Données économiques attendues dans la zone euro

En dehors des questions géopolitiques, les investisseurs attendent également de nouvelles données sur la croissance de la zone euro.

Le produit intérieur brut de la zone euro devrait afficher une croissance de 0,3 % au quatrième trimestre par rapport au trimestre précédent et de 1,3 % sur un an.

Toutefois, l’attention des marchés devrait surtout se porter sur la publication du rapport mensuel sur l’emploi non agricole aux États-Unis plus tard dans la journée.

Les économistes prévoient que l’économie américaine ait créé 59 000 emplois en février après une hausse de 130 000 en janvier, tandis que le taux de chômage devrait rester stable à 4,3 %.

Les résultats d’entreprises également surveillés

Les investisseurs analysent également les derniers résultats d’entreprises alors que la saison des publications arrive progressivement à son terme.

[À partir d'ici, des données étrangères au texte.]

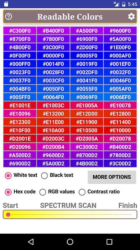 This app uses the W3C formula to help you find background colors for black and white text. You can quickly scan through virtually all available colors within the specified minimum standard. These colors you can sort by hue, by saturation, or by brightness in the HSV color system. This app also shows you either the Hex color code, or the RGB values, or the contrast ratio for all available colors.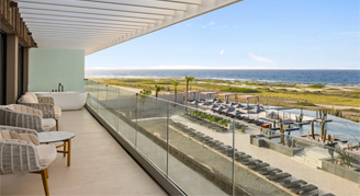 Suites feature an ocean view, one king bed, full bathroom, double vanities, and a private furnished balcony with a soaking tub.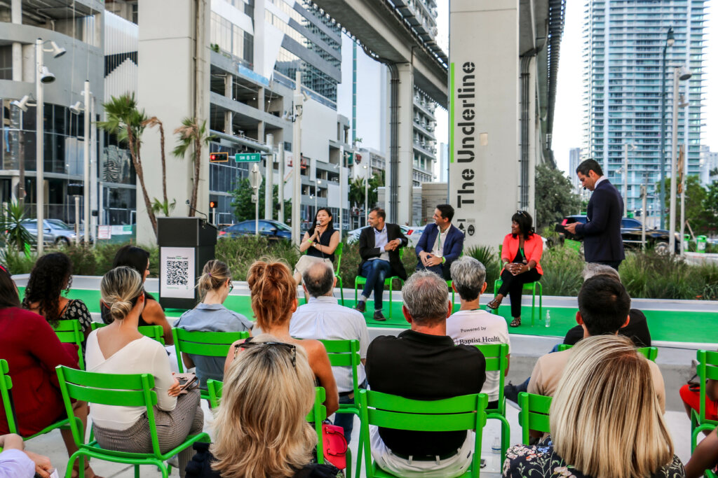 The Friends of The Underline hosted their first tech talk in person on Wednesday, May 26, 2021. It was the first of three technology and Miami public-space themed conversations that explore how the public realm and social good can be served by human-centered technology. The socially distanced series took place outdoors on The Underline’s Sound Stage and Plaza. A free event sponsored by Florida Power & Light Company.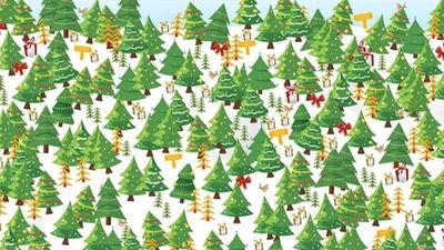 Në ilustrim ndodhen mbi 150 pemë Krishtlindjesh, por vetëm njëra prej tyre ka yllin në majë.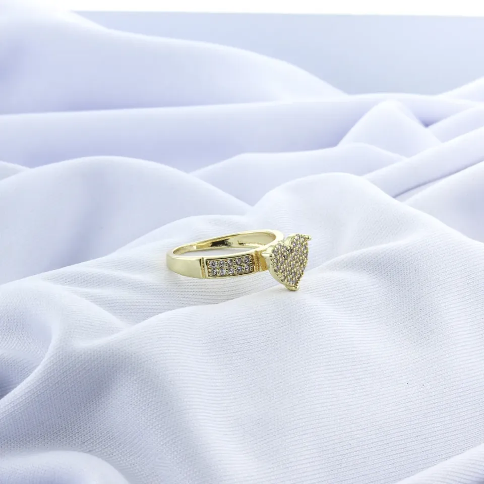 Este encantador anel chuveirinho é uma peça delicada e romântica, projetada para adicionar um toque de brilho e sofisticação ao seu visual. Com um design inspirado no formato de coração e um detalhe de "chuveirinho" de pedras, o anel captura a essência do amor e da elegância de maneira única.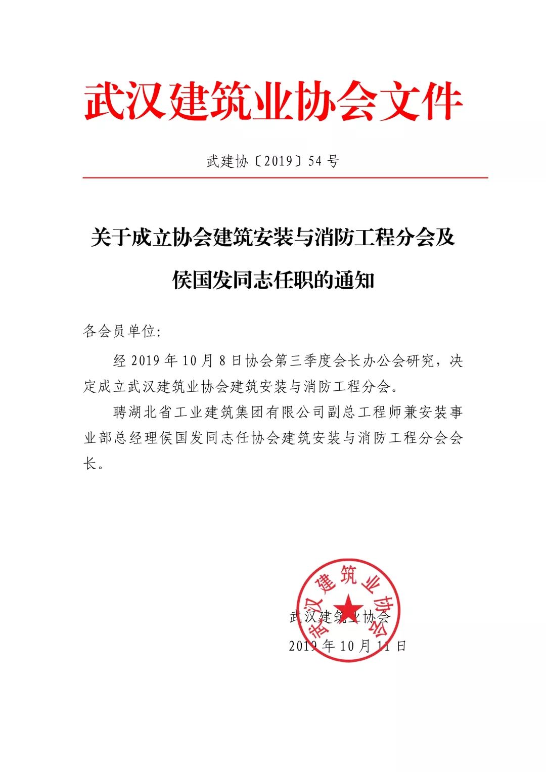 侯国发同志代表湖北工建集团致欢迎词,王全华宣读了协会相关人事任职文件,按照文件,侯国发同志任分会会长,张杰等五位同志任副会长,周攀同志任分会秘书长。

Deutsche Lufthansa (TG:LHA) a publié un chiffre d’affaires annuel record en 2025 mais avec une marge opérationnelle très limitée, la compagnie aérienne allemande ayant à peine atteint l’équilibre et la direction s’abstenant de donner des prévisions précises pour 2026 en raison des incertitudes liées au conflit au Moyen-Orient.

IMI (LSE:IMI) a annoncé un programme de rachat d’actions de 500 millions de livres après avoir enregistré une cinquième année consécutive de croissance organique de ses revenus à un chiffre moyen.

Comet Holding (TG:EZP1) a réduit son dividende d’environ deux tiers après l’effondrement de 80 % de son flux de trésorerie disponible en 2025, la faiblesse du dollar et un mix produit défavorable ayant pesé sur les marges malgré une légère hausse des ventes.

Spie (EU:SPIE) a annoncé un bénéfice annuel record, le groupe français ayant franchi pour la première fois la barre des 10 milliards d’euros de chiffre d’affaires en 2025.

Le pétrole se dirige vers de forts gains hebdomadaires

Les prix du pétrole sont restés globalement stables vendredi mais restent en route vers de fortes hausses hebdomadaires, la montée des tensions au Moyen-Orient alimentant les inquiétudes sur l’approvisionnement mondial.

Le Brent progressait de 0,3 % à 85,68 dollars le baril et le brut américain West Texas Intermediate gagnait 0,1 % à 81,06 dollars.

Au cours des quatre séances précédentes depuis le début du conflit, le Brent a progressé de 18 % tandis que le WTI a gagné 21 %.

Dans une tentative d’apaiser les inquiétudes sur l’offre, les États-Unis ont annoncé autoriser la vente de pétrole russe à l’Inde pendant une période de 30 jours.

Cependant, cette mesure n’a guère freiné la hausse des prix du pétrole, les traders craignant toujours que le conflit ne perturbe le trafic dans le détroit d’Ormuz, un passage étroit entre l’Iran et Oman par lequel transite environ 20 % de l’approvisionnement mondial en pétrole.